Rivaroxaban Cuts Recurrent Blood Clots in Obese PatientsLast Updated: September 30, 2019. Real-world evidence shows that rivaroxaban reduces the risk for recurrent venous thromboembolism in morbidly obese patients, with similar safety and efficacy as warfarin, according to a study published in the October issue of Thrombosis Research.
MONDAY, Sept. 30, 2019 (HealthDay News) -- Real-world evidence shows that rivaroxaban reduces the risk for recurrent venous thromboembolism (VTE) in morbidly obese patients, with similar safety and efficacy as warfarin, according to a study published in the October issue of Thrombosis Research.

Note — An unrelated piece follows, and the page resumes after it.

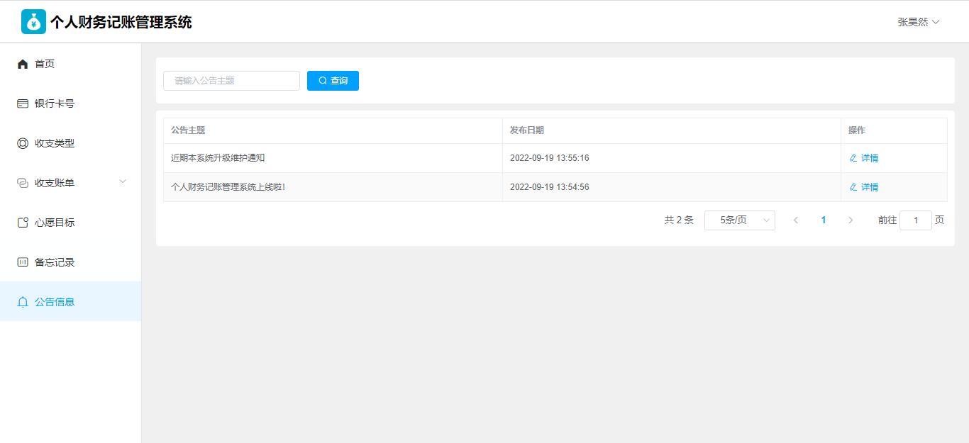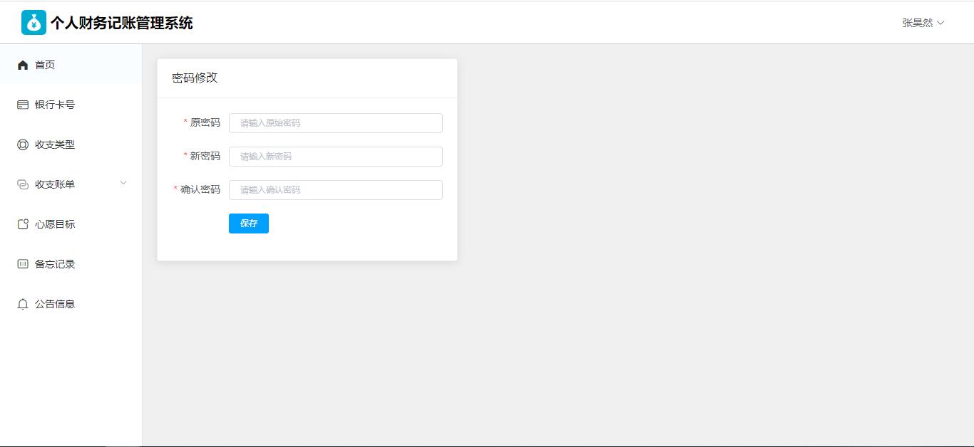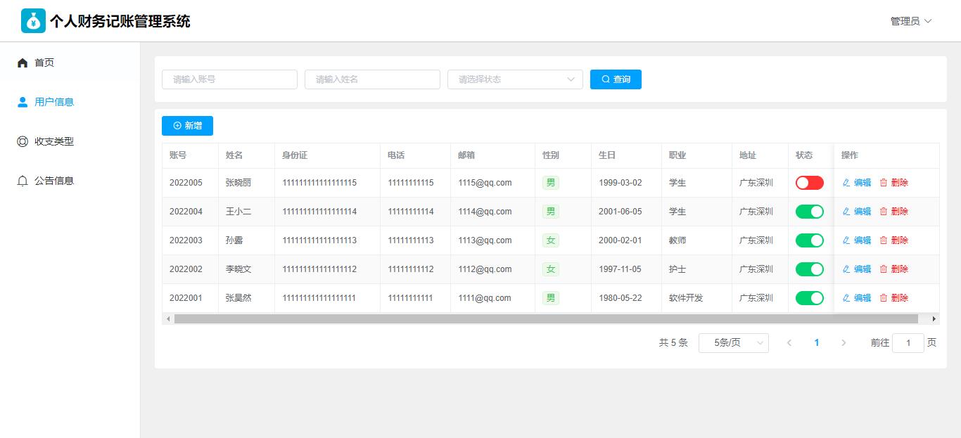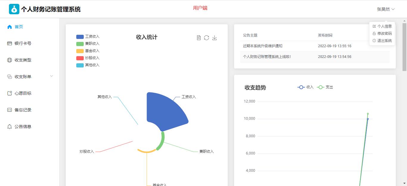 管理员:用户信息管理;收支类型管理;公告信息管理;个人信息;密码修改;

Alex C. Spyropoulos, M.D., from Northwell Health System in New York City, and colleagues used two U.S. claims databases to identify VTE patients initiating rivaroxaban or warfarin who had diagnosis codes for morbid obesity 12 months before or three months after initiation. The study included 2,890 matched pairs. Clinical and health/economic outcomes were compared for rivaroxaban versus warfarin in patients with at least three months of follow-up data.

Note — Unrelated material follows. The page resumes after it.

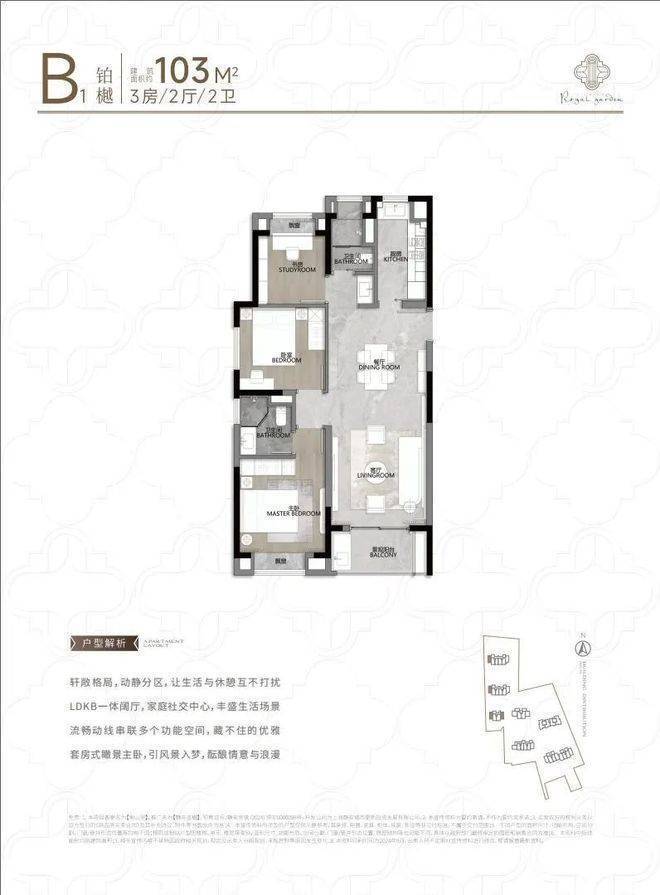 The construction area is approximately 94-106 square meters for 2-3 bedrooms. The price is based on the approved price of 125,000 yuan per square meter in the first phase, and the entry threshold is only over 9 million yuan.

The researchers found that risks for recurrent VTE (intent-to-treat [ITT]: odds ratio [OR], 0.99; 95 percent confidence interval [CI], 0.85 to 1.14) and major bleeding (on-treatment: OR, 0.75; 95 percent CI, 0.47 to 1.19) were similar for cohorts. In the rivaroxaban group, antifactor Xa laboratory measurements were performed on <1 percent of patients. In the rivaroxaban group, hospitalizations (OR, 0.86; 95 percent CI, 0.77 to 0.96) and outpatient visits (OR, 0.23; 95 percent CI, 0.10 to 0.56) were lower compared with the warfarin group in the ITT analysis. Average total medical costs were $2,829 per patient per year lower with rivaroxaban versus warfarin ($34,824 versus $37,653), with the difference mainly driven by hospitalization costs. Total health care costs (including pharmacy) were similar between the groups ($43,034 versus $44,565).
"Physicians should feel confident in prescribing rivaroxaban for managing VTE in this population," Spyropoulos said in a statement.
Several authors disclosed financial ties to Janssen Scientific, which manufactures rivaroxaban and funded the study.